Tanl Pipeline

From Medialab

Tanl modules can be connected in a pipeline where each module consumes a stream of input items and produces a stream for later modules.

The pipeline model consists of three types of components:

  1. source: creates an initial pipe (e.g. a document reader)
  2. transform: receives data from one pipe and produces output on another pipe
  3. sink: consumes the output of a pipe.

For example a SentenceSplitter is a source that creates a pipe from an input stream:

ss = SentenceSplitter('italian.pickle').pipe(stdin)

The pipe can be connected to other stages that perform tokenization, POS tagging and parsing as follows:

# creates a SentenceSplitter reading from standard input
ss = SentenceSplitter('italian.pickle').pipe(stdin)
# connect a tokenizer to its output
wt = Tokenizer().pipe(ss)
# connect to it a PosTagger to add POS tags to sentences
pt = PosTagger('italian.pos').pipe(wt)
# connect to it a Parser using an SVM model for Italian
pa = Parser.create('italian.SVM').pipe(pt)
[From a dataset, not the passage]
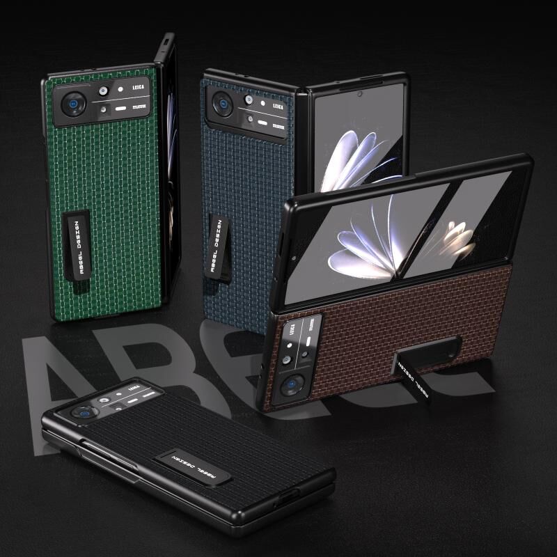 Θήκη τηλεφώνου πολυτελείας από γνήσιο δέρμα για Xiaomi Mix Fold 2 με βάση στήριξης (Καφέ)

A sink is a process that consumes the output of a pipeline, driving the pipeline. It can be as simple as a Python iteration:

for sent in pa:
   print sent

Split and join

Sometimes a stage in the pipeline splits the data into parts that are to be processed by several pipelines and later recombined, by means of a join.
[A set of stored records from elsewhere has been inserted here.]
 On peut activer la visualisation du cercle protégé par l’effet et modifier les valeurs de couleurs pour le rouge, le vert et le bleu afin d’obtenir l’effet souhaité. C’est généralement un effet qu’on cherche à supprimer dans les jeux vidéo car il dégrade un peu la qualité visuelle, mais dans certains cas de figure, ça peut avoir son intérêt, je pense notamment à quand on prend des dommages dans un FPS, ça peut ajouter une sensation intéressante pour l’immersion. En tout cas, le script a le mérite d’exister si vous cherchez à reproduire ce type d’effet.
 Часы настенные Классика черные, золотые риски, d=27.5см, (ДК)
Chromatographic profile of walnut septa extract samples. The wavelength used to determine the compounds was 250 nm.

In the following example, the source is created by reading documents from a corpus. A pipe just containing the text of each document is created for being processed independently. The output of this pipeline needs to be recombined with the original source to produce the resulting documents.
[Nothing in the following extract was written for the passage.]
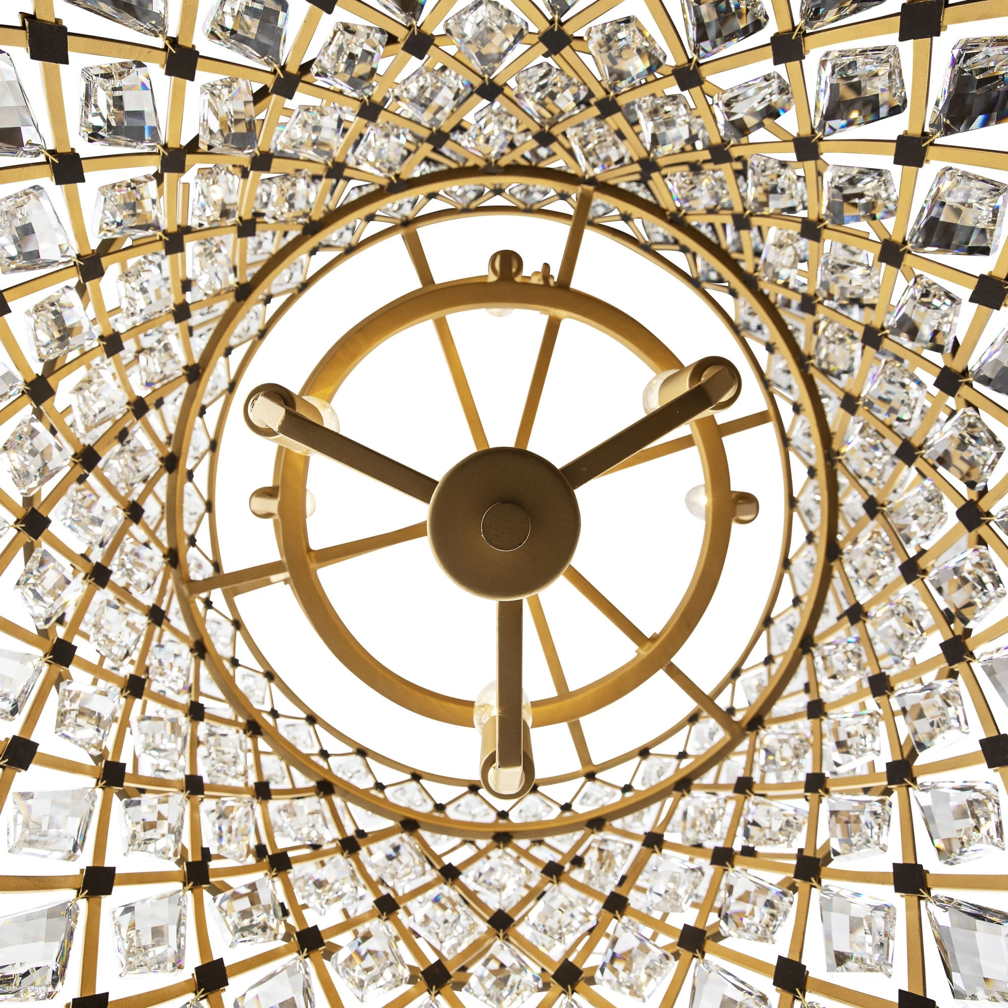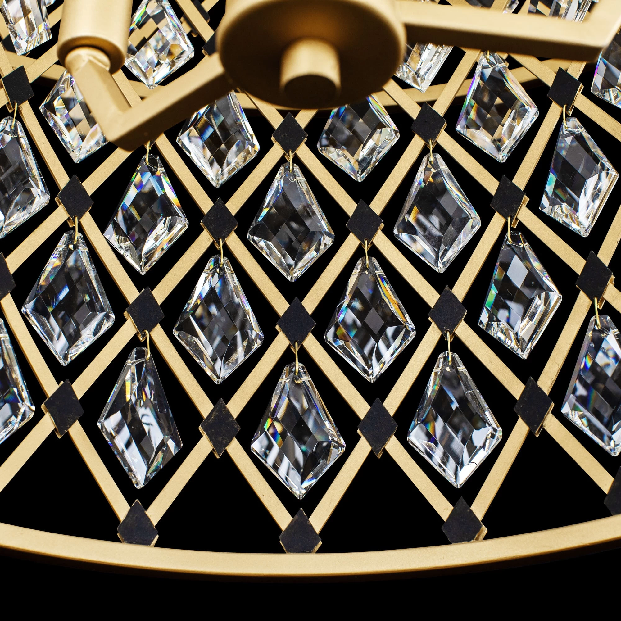 Hand Forged Recycled Steel. Double Harlequin Metal Frame. Premium Kite Shaped Optic Crystal Pendalogues.

La source is created from the document reader of the Wikipedia corpus:

co = Corpus("wikipedia")
reader = co.docReader(open('wiki.xml'))

A pipe of pure text is obtained from this reader:

p1 = reader.textIterator()

and this is combined with further transforms:

p2 = SentenceSplitter('italian.punkt').pipe(p1)
p3 = Tokenizer().pipe(p2)
p4 = PosTagger('italian.ttag').pipe(p3)

The output of the last stage of the pipe, is recombined into documents:

p6 = reader.join(p4)

The output from this pipe is printed:

for doc in p6:
   print doc

All together:

co = Corpus()
reader = co.docReader(open('wiki.xml'))
p1 = reader.textIterator()
p2 = SentenceSplitter('italian.punkt').pipe(p1)
p3 = Tokenizer().pipe(p2)
p4 = PosTagger('italian.ttag').pipe(p3)
p6 = reader.join(p4)
for doc in p6:
    print doc

Enumerator Interface

A stream of items is defined through a Enumerator interface:

template <class T>
class Enumerator
  typedef T             ItemType;

  /** Advances to the next element of the collection.
      @return true if there is another item available. */
  virtual bool          MoveNext() = 0;

  /** @return the current element. */
  virtual ItemType      Current() = 0;

  /**   Optional reset to the beginning of the enumeration. */
  virtual void          Reset() {}

Each module provides an interface for connecting to a pipeline:

template <class Tin, Tout>
struct IPipe {
   Enumerator<Tout>* pipe(Enumerator<Tin>&);

For example, the POS tagger implements the interface:

class Parser : IPipe<Enumerator<vector<Token*>*>,
   Enumerator<vector<Token*>*>* pipe(Enumerator<vector<Token*>*>& se);

so that it can be connected to a pipeline like this:

// get a pipe from a tokenizer
Enumerator<vector<Token*>*> wt = tokenizer.pipe(cin);
// create a tagger
PosTagger pt(italian.params);
// connect it to a pipe
Enumerator<vector<Token*>*>* ptpipe = pt.pipe(wt);
// consume data from the pipe
while (ptpipe->MoveNext()) {
   vector<Token*>* tagged = ptpipe->Current();

C++ modules are made available to Python through SWIG and a pipeline can be built dynamically with a Python script.